It is to be understood that the present invention is not to be limited to the use with combustion engines of vehicles. The present invention may be used to improve fuel consumption and/or reduce harmful emissions from any combustion engine using a hydrocarbon based fuel supply.

Claims (30)

1. A magnetic fuel conditioning apparatus for use in reducing harmful emissions and/or increasing the torque of a combustion engine, the apparatus comprising: at least one pair of neodymium magnets, in which each magnet is configured to be located adjacent a surface of a feed pipe of a combustion engine.

2. A magnetic fuel conditioning apparatus as claimed in claim 1, in which the apparatus comprises a plurality of pairs of neodymium magnets, and in which each pair of magnets is configured to be located adjacent a surface of a separate feed pipe of a combustion engine.

3. A magnetic fuel conditioning apparatus as claimed in either of claims 1 and 2, in which the or each pair of magnets comprises a first magnet configured to be located adjacent a first surface of a feed pipe of a combustion engine, and a second magnet configured to be located adjacent a second opposed surface of the feed pipe.

4. A magnetic fuel conditioning apparatus as claimed in any one of claims 1 to 3, in which at least one or each neodymium magnet is composed of iron, neodymium and boron.

5. A magnetic fuel conditioning apparatus as claimed in any preceding claim, in which each magnet is elongate in shape.

6. A magnetic fuel conditioning apparatus as claimed in claim 5, in which the diameter of each magnet is at least 1.5 times the length of the magnet.

7. A magnetic fuel conditioning apparatus as claimed in claim 6, in which the diameter of each magnet is substantially twice the length of the magnet.

8. A magnetic fuel conditioning apparatus as claimed in either of claims 5 and 7, in which the diameter of each magnet is in the range of between 15 mm and 50 mm.

9. A magnetic fuel conditioning apparatus as claimed in claim 8, in which the diameter of each magnet is in the range of between 20 mm and 40 mm.

10. A magnetic fuel conditioning apparatus as claimed in any one of claims 5 to 9, in which the length of each magnet is in the range of between 5 mm and 35 mm.

11. A magnetic fuel conditioning apparatus as claimed in claim 10, in which the length of each magnet is in the range of between 10 mm and 20 mm.

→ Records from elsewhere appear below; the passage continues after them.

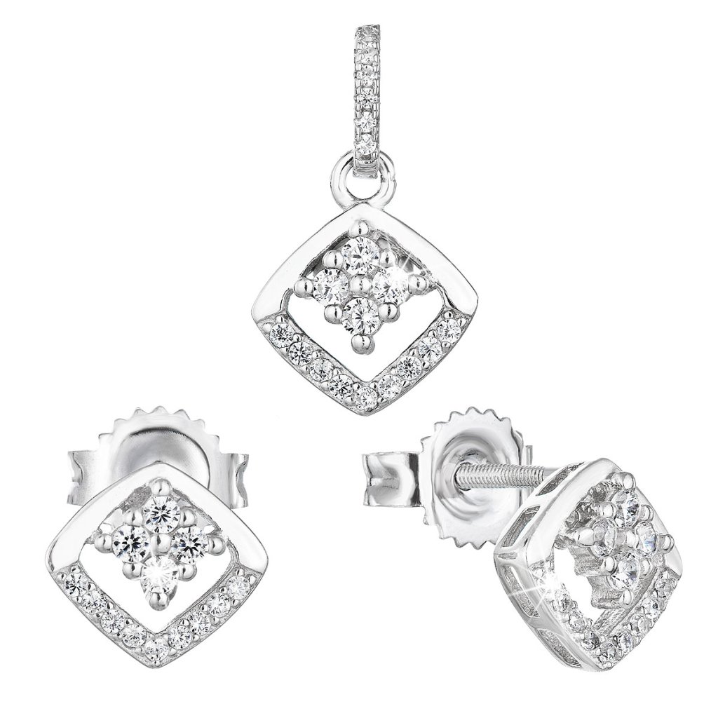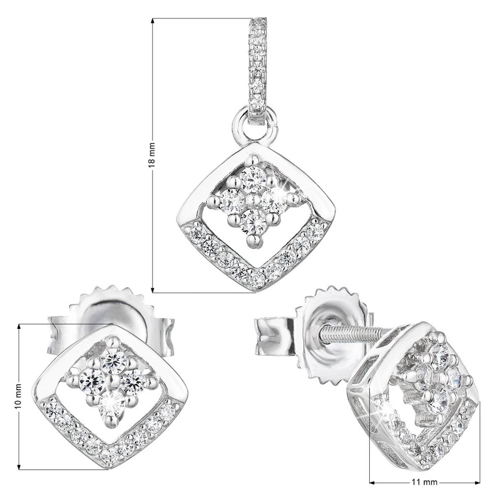 Sada šperkov so zirkónom náušnice a prívesok biely kosoštvorec 19025.1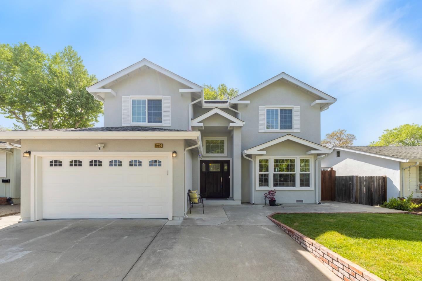 Discover this beautifully updated 5-bedroom, 3-bath home in West San Jose, located within the top-rated Lynbrook High district! Highlights include owned solar with Tesla powerwall and split-level heating and AC. Light-filled open floor plan with fresh interior paint, spacious living and dining areas-perfect for family gatherings. A separate family room with soaring ceilings and a cozy fireplace creates an inviting space to relax. The gourmet kitchen boasts newly painted cabinets, quartz countertops, high-end stainless appliances, and a large central island. A main-level guest suite with full bath offers flexibility for visitors. Upstairs, the luxurious primary suite features a private balcony, walk-in closet, and spa-like bath with dual vanities, Jacuzzi tub, and stall shower. Three additional bedrooms and a stylish hall bath complete the upper level. The backyard retreat offers a lush lawn, patio for entertaining, and a detached storage shed. Mature fruit-bearing trees: apple, plucots, pomegranate, oranges and lemon. Prime location near Calabazas Park, top schools, shops, dining, Apple, Google, Netflix & easy access to 85 & 280!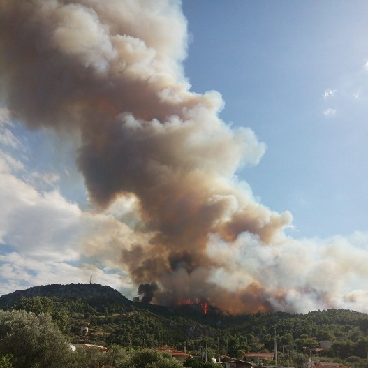 Το μέτωπο της φωτιάς λόγω των ισχυρών ανέμων αυξάνεται ταχύτατα και πλέον το χωριό του Καλάμου έχει περικυκλωθεί από τη φωτιά.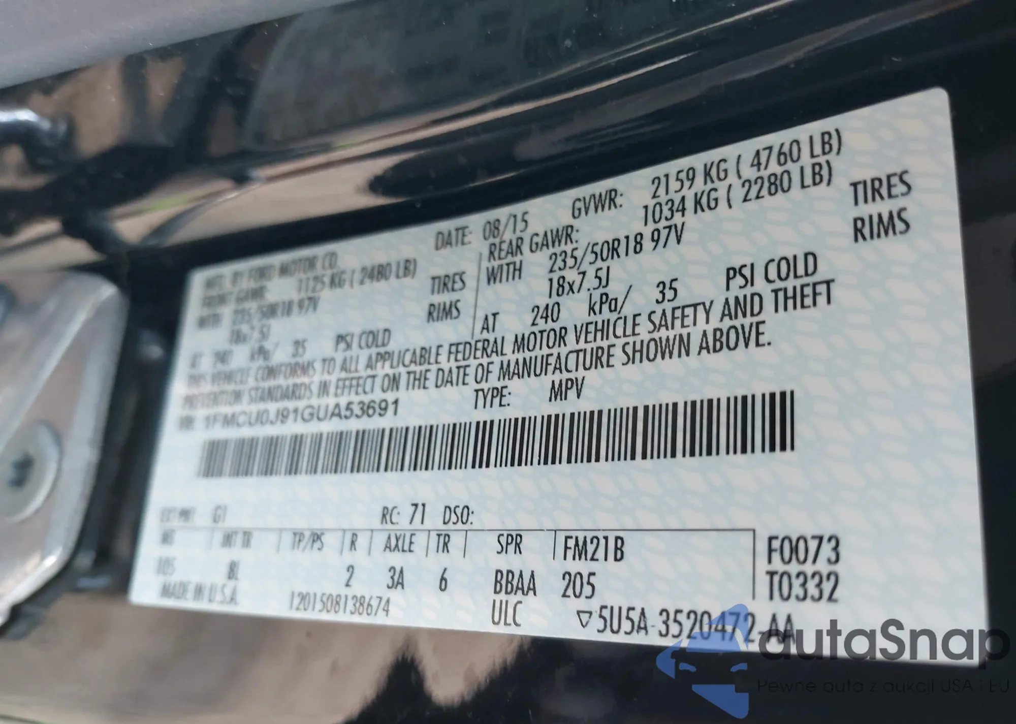 LOT: 43190375 VIN: 1FMCU0J91GUA53691

12. A magnetic fuel conditioning apparatus as claimed in any preceding claim, further comprising a housing shaped and dimensioned to receive the at least one pair of neodymium magnets, and in which the housing is configured to locate the at least one pair of neodymium magnets adjacent opposed surfaces of a feed pipe.

13. A magnetic fuel conditioning apparatus as claimed in claim 12, in which the housing is composed of plastic material or metal.

14. A magnetic fuel conditioning apparatus as claimed in either of claims 12 and 13, in which the housing comprises at least one pair of housing portions, each housing portion being shaped and dimensioned to receive one of the at least one pair of neodymium magnets, and in which the housing portions forming the or each pair of housing portions are configured to be located on opposed surfaces of a feed pipe.

15. A magnetic fuel conditioning apparatus as claimed in claim 14, in which each housing portion comprises a recess shaped and dimensioned to receive one of the at least one pair of magnets.

16. A magnetic fuel conditioning apparatus as claimed in claim 15, in which the recess is substantially cylindrical in shape.

17. A magnetic fuel conditioning apparatus as claimed in any one of claims 12 to 16, in which the housing further comprises an attachment member for securing the housing in a predetermined position adjacent a feed pipe.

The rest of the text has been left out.